15:10catalinp86: Andrew, there's 2GB
15:10catalinp86: nouveau 0000:03:00.0: DRM: VRAM: 2048 MiB
15:12AndrewR: catalinp86, then sorry, no other simple idea what can cause this ... /reboots
17:01AndrewR: hi all (again). I hanged my second card, but send email to nouveau list with vdpau related traces and logs
17:21AndrewR: recompiling mesagit with #define NOUVEAU_VP3_DEBUG_FENCE 1 (in src/gallium/drivers/nouveau/nouveau_vp3_video.h) Any additional checks I should enable? Also, aren't those asserts better to bedebug messages/printks? I mean in https://cgit.freedesktop.org/mesa/mesa/tree/src/gallium/drivers/nouveau/nv50/nv98_video.c - switch statement at line 196 and down ....

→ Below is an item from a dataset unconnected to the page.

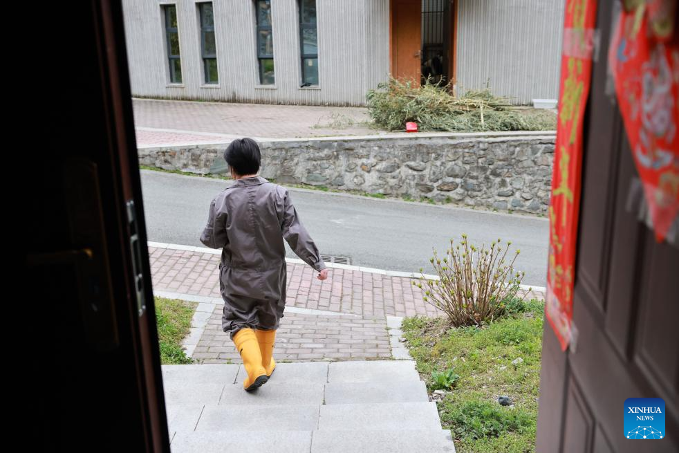Giant panda keeper Li Rong makes preparations for her work at the Shenshuping giant panda base of Wolong National Nature Reserve in southwest China's Sichuan Province, March 28, 2025. (Xinhua/Xu Bingjie)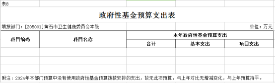 2024年度黄石市卫生健康委本级部门预算公开情况说明

17:25AndrewR: I mean, pipe driver should never feed nouveau with invalid values there, right? But at least one assert was firing for me recently (not those, one at nv98_decoder_decode_bitstream ) ..so something was not decoded correctly.. and is there possibility such assert will leave some GPU internal in even more inconsistent state ?
17:57AndrewR: reboot time, I guess (i think there were some scripts for re-setting secondary GPU, but I don't have them, and too dumb for recreating them ...)
18:04AndrewR: more asserts! cin: ../src/gallium/drivers/nouveau/nouveau_vp3_video_vp.c:368: uint32_t nouveau_vp3_fill_picparm_h264_vp(struct nouveau_vp3_decoder *, const struct pipe_h264_picture_desc *, struct nouveau_vp3_video_buffer **, unsigned int *, char *): Assertion `dec->refs[refs[j]->valid_ref].vidbuf == refs[j]' failed. Got this one while trying CinelerraGG with vdpau acceleration ;}
18:09AndrewR: strabge, it doesn't hang so far :}
18:23AndrewR: so, with NOUVEAU_VP3_DEBUG_FENCE 1 it decodes slower a bit (238 vs 226 seconds on 3:36 h264 1080p, 60 fps video), but no hang so far ...time to try FIVE mplayers at once .....
18:24AndrewR: it survived!
19:36AndrewR: so, interesting ..I removed one assert in /src/gallium/drivers/nouveau/nouveau_vp3_video_vp.c at line 368, and now Cinelerra loads h264 files w/o asserting, and even plays them. but still I run into this disp: ERROR 1 [PUSHBUFFER_ERR] 02  chid 0 mthd 0000 data 00000400 / DRM: core notifier timeout - and thus most likely will reboot machine soon
22:16AndrewR: so, it was VP4, not VP3 .. I mis-remembered those :/ But I also got new assertion :} gst-play-1.0 + mpeg2 file via VA-API = gst-play-1.0: ../src/gallium/drivers/nouveau/nv50/nv98_video.c:56: void nv98_decoder_decode_bitstream(struct pipe_video_codec *, struct pipe_video_buffer *, struct pipe_picture_desc *, unsigned int, const void *const *, const unsigned int *): Assertion `ret == 2' failed.
22:36AndrewR: and also this accumulating Xorg load under dri3 apparently comes from nouveau_drv.so itself (according to operf/opreport from root user on X's pid). Time to rebuild with debug symbols ... but not now, another task for tomorrow.